Zach felt a hollow fear bang around his insides and knew it was time for distribution. Every morning contained a growing thirst and an expectation of that fear. He missed Sherwood. He had been at his house too short of a time and had no savings. With the two of them, he and his patient, to look after now, he could not afford any mistakes.
When the time came and his tongue felt coated in ash he tucked a knife—a small but easily opened blade—into his pocket and set off with his unit gallon. He watched his neighbors walk toward the same destination like wolves toward a kill, and he stayed close in with them, familiars by sight. Most of them were in groups, and he knew that those who walked alone were not to be trusted. In times like these, people who have the disposition band together and watch each other’s backs.
The day was burdensomely hot and the heat pressed on him, made each footfall toward his destination feel like a herculean extra effort. There was no cloud in the sky, just a mammoth bowl of blue sky that crushed down on them. As the temperature had increased over the last week, his skin had dried up, so that the subtlest of facial expressions caused his lips to crack and bleed.
Distribution was at Oregon Park, a few blocks from his place. The truck was already there, white and bulbous, like an egg waiting to be cracked, darkened by dust and the grease of human hands that reached up to touch its cool belly. He stood in a line that wound its way along
the dusty park, its once great trees all cut down in the winter previous. There were patterns rutted deep into the ground for this daily ritual they all performed. The standing in line, the truck parked in the same spot, the National Guardsmen roving their eyes back and forth across the lot of them.

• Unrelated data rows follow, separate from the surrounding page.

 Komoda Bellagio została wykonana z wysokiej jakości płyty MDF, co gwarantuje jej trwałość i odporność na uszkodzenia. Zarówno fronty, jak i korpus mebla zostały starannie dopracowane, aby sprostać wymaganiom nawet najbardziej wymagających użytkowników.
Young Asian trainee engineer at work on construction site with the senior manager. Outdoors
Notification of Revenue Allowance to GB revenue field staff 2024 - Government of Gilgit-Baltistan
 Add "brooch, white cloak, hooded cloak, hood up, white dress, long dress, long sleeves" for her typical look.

After a long wait Zach made it to the front. There were some moments of confusion as the guard checked his identification with its water code and noticed that he’d had his card registered in Sherwood recently. Zach responded quietly that he’d moved out of Sherwood, as he’d explained many times already, and he could feel those behind him lean in to listen. When he was cleared he hooked the nozzle into the top socket of his unit gallon and heard the relieving sound of it being filled. But as it came to the top the nozzle sputtered and the tone changed. Behind him someone yelled and he quickly disconnected his gallon. The truck was out of water and there were at least a hundred more in line behind him. The murmur of the news made it quickly up and down the line, and the ragged-looking man directly behind him called out in protest.
“That’s enough,” the Guardsman said and held his hand up to calm the crowd behind him.

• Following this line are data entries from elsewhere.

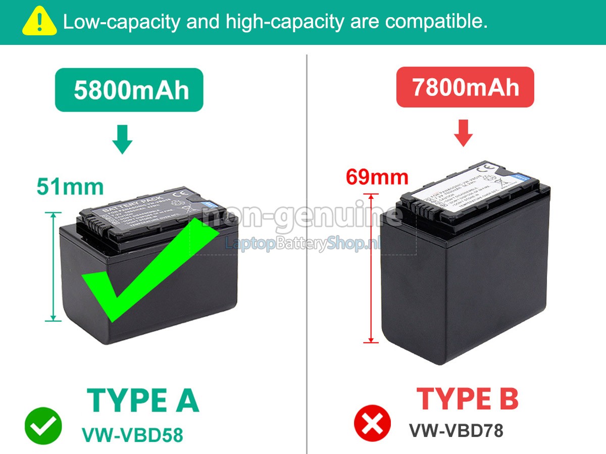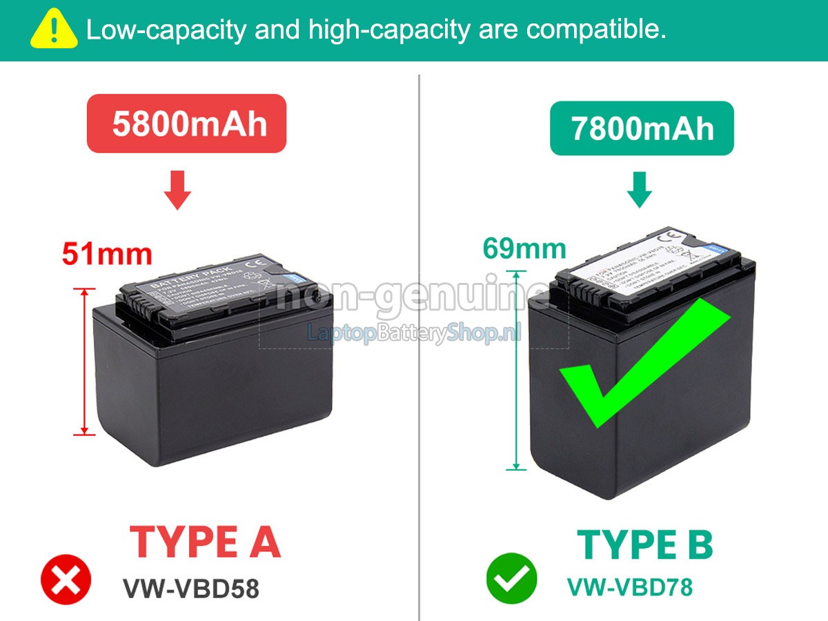 The long life Panasonic HC-X1500 battery contains Grade A battery cells to ensure longer battery life and more charge cycles. Fast Delivery, Easy Returns, and 100% Refund for 30 Days. VW-VBD58/78/has capacity and size differences, can be compatible with the use of larger capacity battery will have a part of the battery bulge.
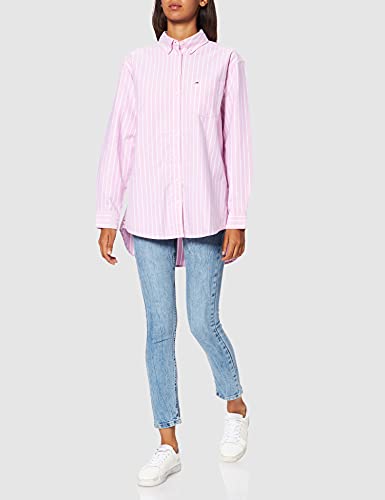Tommy Jeans Tjw Camicia a Righe rilassate, Vivid Fuchsia/Multi, XS Donna
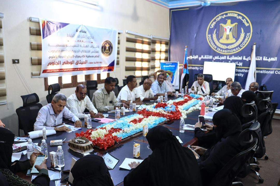 نظّمت الهيئة التنفيذية لمنسقية المجلس الانتقالي الجنوبي لكليتي التربية والعلوم بجامعة حضرموت، اليوم الأحد، حلقة نقاشية تحت عنوان “الميثاق الوطني الجنوبي.. الأسس والمبادئ العامة وقضية شعب الجنوب”، وذلك ضمن سلسلة فعاليات ذكرى إعلان فك الارتباط.

Zach gripped his bottle to him and eased away from the line as the crowd began to go amorphous, transforming from order to mob. “There’ll be another truck,” the Guardsman yelled out.
“I stood here an hour! An hour!” the man who had been behind him said.
“It will come,” the guardsman said.
“Hey, Sherwooder!” he yelled as Zach retreated. He followed after Zach and then reached in for a hold on Zach’s bottle and for a moment they wrestled it like a football on astroturf, pulling and scratching at each other. The man’s furry, tangled mat of hair was sticky from grime. They fell together and struggled for the prize on the ground and then Zach pulled away enough to get a foot up and kick him. The blow landed in his face and there was a sickening pop. Zach rolled backward and then to his feet and fought a gag reflex. He snatched the bottle from the man’s clutches. “Sorry!” he yelled, catching a last glimpse of him on the ground, his head reared up, blood and dust mingled into his mustache. “Sorry!” Zach turned and ran.